Prompt:
I'd like an exact copy of only the lines from the start of the listing below through the line that holds "Entendendo as diferenças: armazenamento". Please keep the pictures out.

== Segment start ==

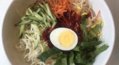 준비 재료: 쫄면사리, 오이, 당근, 양배추, 콩나물, 깻잎, 삶은 계란
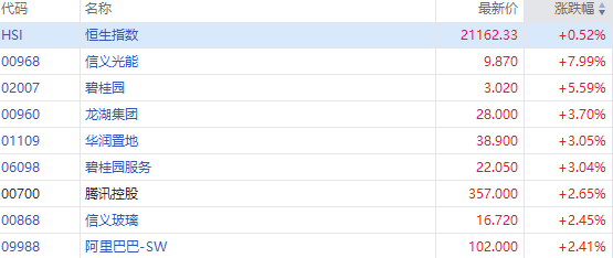 今日早盘,港股恒指窄幅震荡,截至午盘,恒指涨0.52%,报21162.33点,信义光能大涨8%,领涨蓝筹。大型科技股继续上涨,哔哩哔哩涨5%,阿里巴巴、腾讯涨2%,京东、百度涨1%。
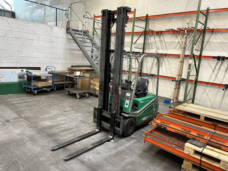 Lot 673: 1 Electric Forklift Truck CESAB Blitz 315, YOM 2000, Serial no. 181761, max. load capacity 1,500 kg, triplex mast, lift height approx. 5,000 mm, manual fork adjustment, hydraulic side shift, operating hours 52,638, charger
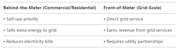 Entendendo as diferenças: armazenamento de baterias comerciais, armazenamento em escala de rede e armazenamento residencial.
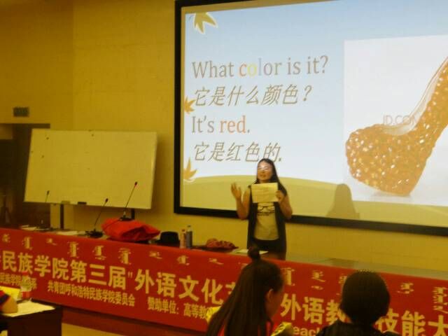 为进一步提升师范生实践教学水平,强化教学基本功,增强就业竞争力,2017年6月20日晚,由高等教育出版社赞助,外语系、校团委主办,公共外语教研室承办的best365官网中文版登录第三届“外语文化节”系列活动之一的外语教学技能大赛在学校图书馆一楼报告厅拉开帷幕。大赛特邀外语系萨仁格日乐、敖登副教授、陈玉红副教授、乌云斯日古楞副教授、乌日娜副教授担任比赛评委。
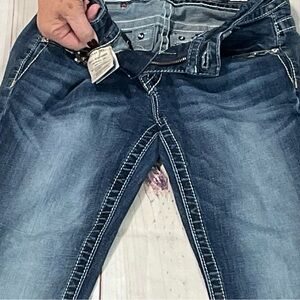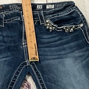 Miss Me, 28x34, Embellished Jeans, one very small rhinestone missing on front left pocket -see picture.
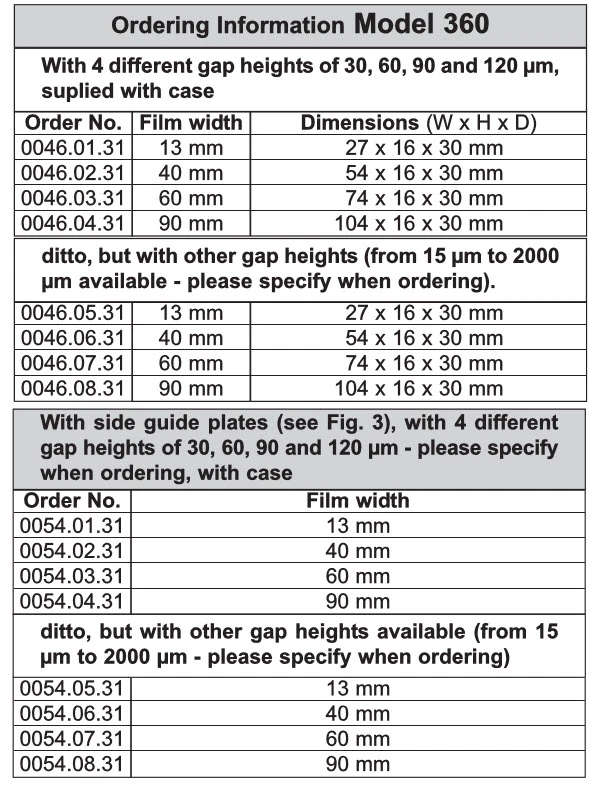 The Models 288 and 360 are doctor blades with fixed gap heights, selectable between 15 and 2000 μm.

== Segment end ==

Task response:
 준비 재료: 쫄면사리, 오이, 당근, 양배추, 콩나물, 깻잎, 삶은 계란
 今日早盘,港股恒指窄幅震荡,截至午盘,恒指涨0.52%,报21162.33点,信义光能大涨8%,领涨蓝筹。大型科技股继续上涨,哔哩哔哩涨5%,阿里巴巴、腾讯涨2%,京东、百度涨1%。
 Lot 673: 1 Electric Forklift Truck CESAB Blitz 315, YOM 2000, Serial no. 181761, max. load capacity 1,500 kg, triplex mast, lift height approx. 5,000 mm, manual fork adjustment, hydraulic side shift, operating hours 52,638, charger
 Entendendo as diferenças: armazenamento de baterias comerciais, armazenamento em escala de rede e armazenamento residencial.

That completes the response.